Sometimes you need to be true to yourself. I think it’s fair for Levy to note that Apple is not doing what some other major tech companies are doing, and integrating their campuses into urban environments. I was in Seattle earlier this week and got to go past
Amazon’s biosphere, where many large office buildings devoted to Amazon are integrated with a weird set of domes and a bustling urban area with shops and restaurants. Twitter moved onto Market Street in San Francisco, and startups have thrived in San Francisco’s South of Market area for years.
There’s a lot to be said for embracing urban areas, rather than hiding in the suburbs. From a commuting perspective, the suburban office park is terrible. Apple’s campuses, old and new, are poorly served by public transit, leading the company to create a parallel transit system of fancy Wi-Fi equipped buses. City centers are, in contrast, generally served well by regional transportation systems.
A friend of mine recently got a job at Google and was wondering which would be better for her commute-wise—the horror stories of how expensive it is to live in San Francisco (Google has an office building just north of the Bay Bridge) made her assume that the suburban Mountain View campus would be preferable. I had to explain that San Francisco was actually a better location, because it’s served by the regional BART train system as well as ferries from across the bay.
It’s hard to imagine Apple colonizing downtown San Francisco, just as it’s hard to imagine Google building its new campus in high-rises in San Jose. I can’t imagine Microsoft decamping from its suburban campus in Redmond, either. Then again, Adobe—who previously occupied what is now the center of the Googleplex—did decamp to new high-rise buildings in San Jose.

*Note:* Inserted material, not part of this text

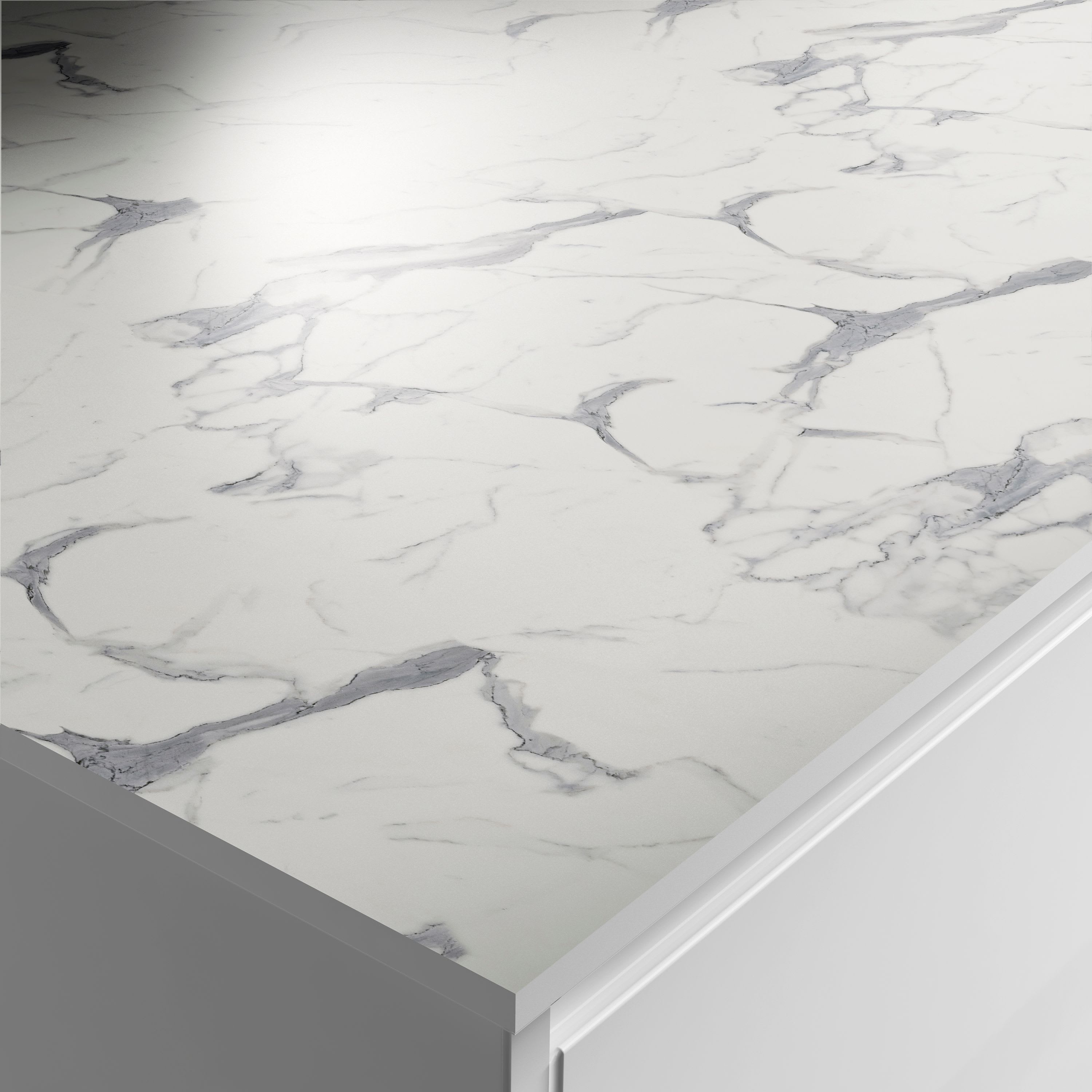 Zenith compact laminate worktops and breakfast bars combine beauty and durability with a slim, solid 12.5mm waterproof core. Designed to look, feel and perform like stone, Zenith surfaces can be easily fitted at home using standard installation tools. With no need for additional edging, Zenith is ideal for use with undermount sinks and can be engraved with drainer grooves for a sleek and streamlined finish. The striking Marbre Veneto design beautifully replicates the effect of real marble, creating a striking and luxurious finish for your kitchen.

In the long run, I think it’s a mistake for big companies to build sprawling suburban headquarters in areas poorly served by public transportation. I applaud Twitter and Amazon’s embracing of the urban center. (And Google’s decision to include child care centers in its facilities plans, unlike Apple and Microsoft.)
But I understand why building outside of the suburbs was never really a serious option for Apple—or its Seattle cousin Microsoft. Like their co-founders Steve Jobs and Bill Gates, they’re suburban kids who never seem to have really gotten a taste for the big city.